Connecting and Authorizing GKE Workload to the Cloud SQL Instance

The most common requirement of any software system is securing data source and accessing it in a same manner. If you’re hosting your infrastructure in an ever-evolving cloud environment — there are a few “latest and greatest” this article will explore, specifically Private Service Connect and GKE Workload Identity services in Google Cloud Platform, as well as managing private GKE cluster via Bastion jump host.

 

This is a lot to cover, so it will be a streamlined guide.

 

The image below is not a production-ready setup. It’s a POC — as of Q1 2024, it is still among the most recommended setups with GKE cluster and Cloud SQL instance.

As already mentioned, but not shown in the image above, management of workload permissions will be done by GKE Workload Identity which simplifies access management for Kubernetes workloads (as opposed to Workload Identity Federation, which handles external applications accessing Google Cloud resources).

 

The whole setup is managed by Terraform for consistency and easier cleanup, so we will continue to use this approach throughout the guide.
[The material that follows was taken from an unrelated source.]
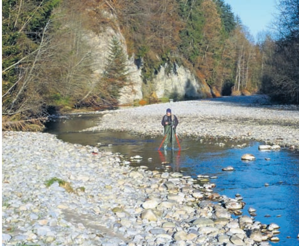
Ein Hydrogeologe misst den Wasserstand der oberen Emme.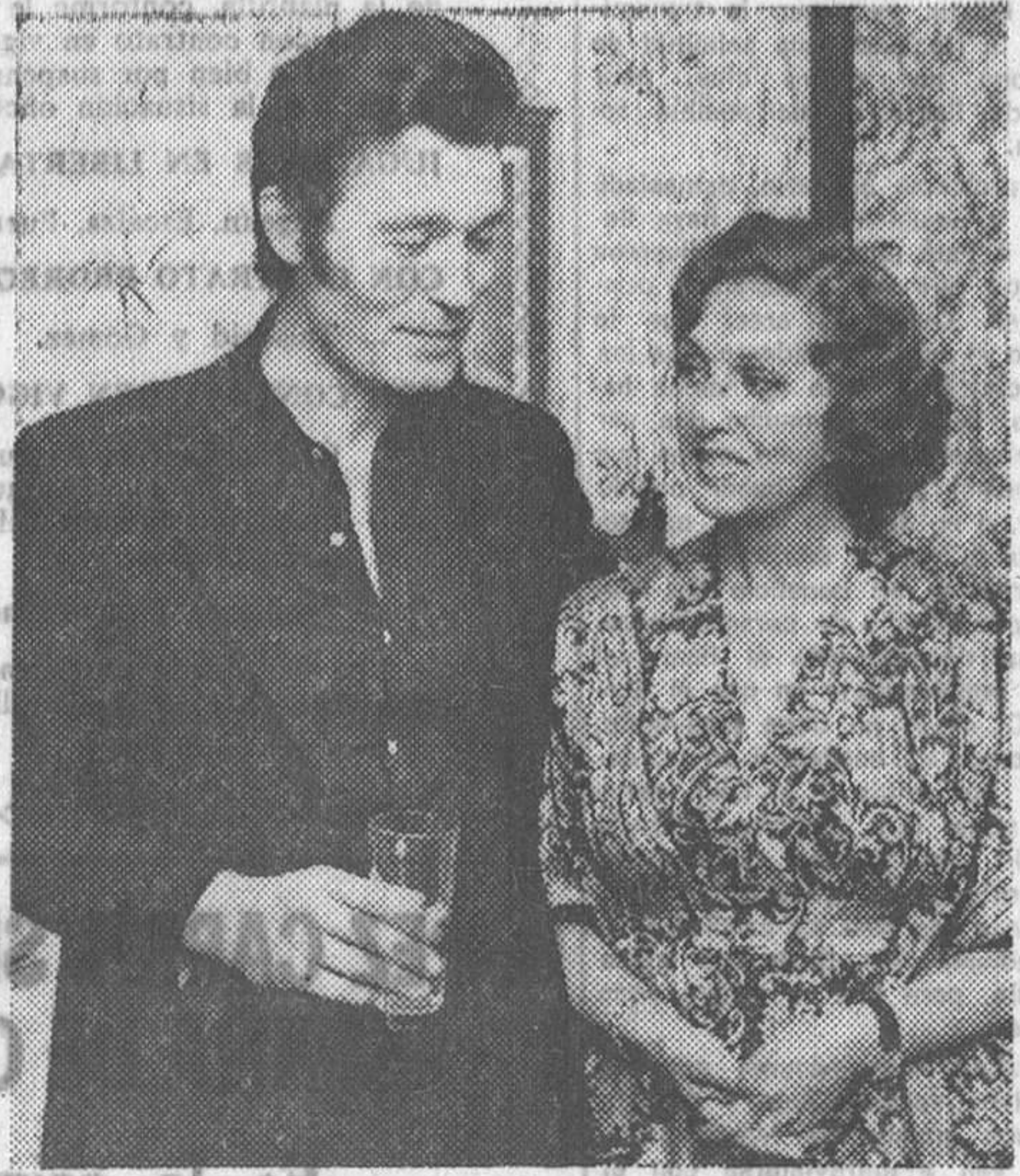
Amparo Rivelles con el galán español Ramiro Oliveros. Juntos actúan en «La Madastra», bajo la dirección del mejicano Roberto Gavaldón.

da y mejor tratada. Allí se convirtió también en «estrella» importantísima. Y sigue siéndolo. —¿Crees que realmente tienes un momento cumbre actualmente en tu carrera? —Pienso que he aprendido mucho, que soy más actriz que «estrella», termina.

It also allows for using of modules, specifically for provisioning a private GKE cluster in our case, as you’ll see further below.

 

Also, since Terraform is not in the spotlight of this article, it is not fully or properly set up. The article contains snippets from a project which, when put together, will result in the infrastructure shown in the image above. The snippets should be separated by modules for separation of concerns and maintainability. There are multiple “locals” blocks which can be merged to one (if keeping everything in a same file) or refactored in some other way. Some, if not most, of the local variables should be declared in variables.tf files and passed around between modules.

Networking

Let’s begin with provisioning private network and subnetwork for GKE cluster:

 
				
					locals {
  region = “europe-west8”
}
resource "google_compute_network" "private-vpc-network" {
  name                    = "gke-vpc-network"
  auto_create_subnetworks = false
}

resource "google_compute_subnetwork" "gke-subnet" {
  name          = "gke-subnet"
  region        = local.region
  network       = google_compute_network.private-vpc-network.name
  ip_cidr_range = "10.10.0.0/16"

  secondary_ip_range {
    range_name    = "ip-range-pods"
    ip_cidr_range = "10.20.0.0/16"
  }

  secondary_ip_range {
    range_name    = "ip-range-services"
    ip_cidr_range = "10.30.0.0/16"
  }

  secondary_ip_range {
    range_name    = "master-ipv4-cidr"
    ip_cidr_range = "10.40.0.0/30"
  }
}
				
			

As can be seen above, creating VPC is straightforward. As for the GKE-subnet, we’ve opted for explicitly defining our secondary CIDR ranges (primary must be provided either way). They’ll be used to allocate alias IP ranges for GKE services and pods. This will result in provisioning a VPC-native cluster, the benefits of which you can explore here.

 

The third secondary range will be assigned as authorized network for GKE control plane, but it will not be used — we’ve provided it to fully control the allocation of addresses and avoid overlapping.

 

Additionally, under the assumption your organization restricted your Compute Engine resources to private IPs (which would be a safe approach), you’d need a way in — to manage your Kubernetes resources, and a way out — for nodes to fetch images and to set up an SSH proxy for Kubernetes management.

 

A good way in could be using SSH through Identity-Aware Proxy (IAP) tunnel.

 

This will create an ingress firewall rule which we’ll exploit later with jump host:

				
					resource "google_compute_firewall" "allow_ssh_ingress_from_iap" {
  name     = "allow-ssh-ingress-from-iap"
  network  = google_compute_network.private-vpc-network.name
  priority = 998

  allow {
    protocol = "tcp"
    ports    = ["22"]
  }

  source_ranges = ["35.235.240.0/20"]
  direction = "INGRESS"
}

				
			

The source_ranges value is not random — it’s all IP addresses that IAP uses for TCP forwarding. Port 22 is default for SSH protocol.

 

A way out is achieved with Cloud Network Address Translation (Cloud NAT):

				
					resource "google_compute_router" "private-network-nat-router" {
  name    = "my-router"
  region  = google_compute_subnetwork.gke-subnet.region
  network = google_compute_network.private-vpc-network.id
}

resource "google_compute_router_nat" "private-network-nat-gateway" {
  name                               = "bastion-nat-gateway"
  router                             = google_compute_router.private-network-nat-router.name
  region                             = google_compute_router.private-network-nat-router.region
  nat_ip_allocate_option             = "AUTO_ONLY"
  source_subnetwork_ip_ranges_to_nat = "ALL_SUBNETWORKS_ALL_IP_RANGES"
}

				
			

This specifically is a public NAT setup, using router and a router gateway.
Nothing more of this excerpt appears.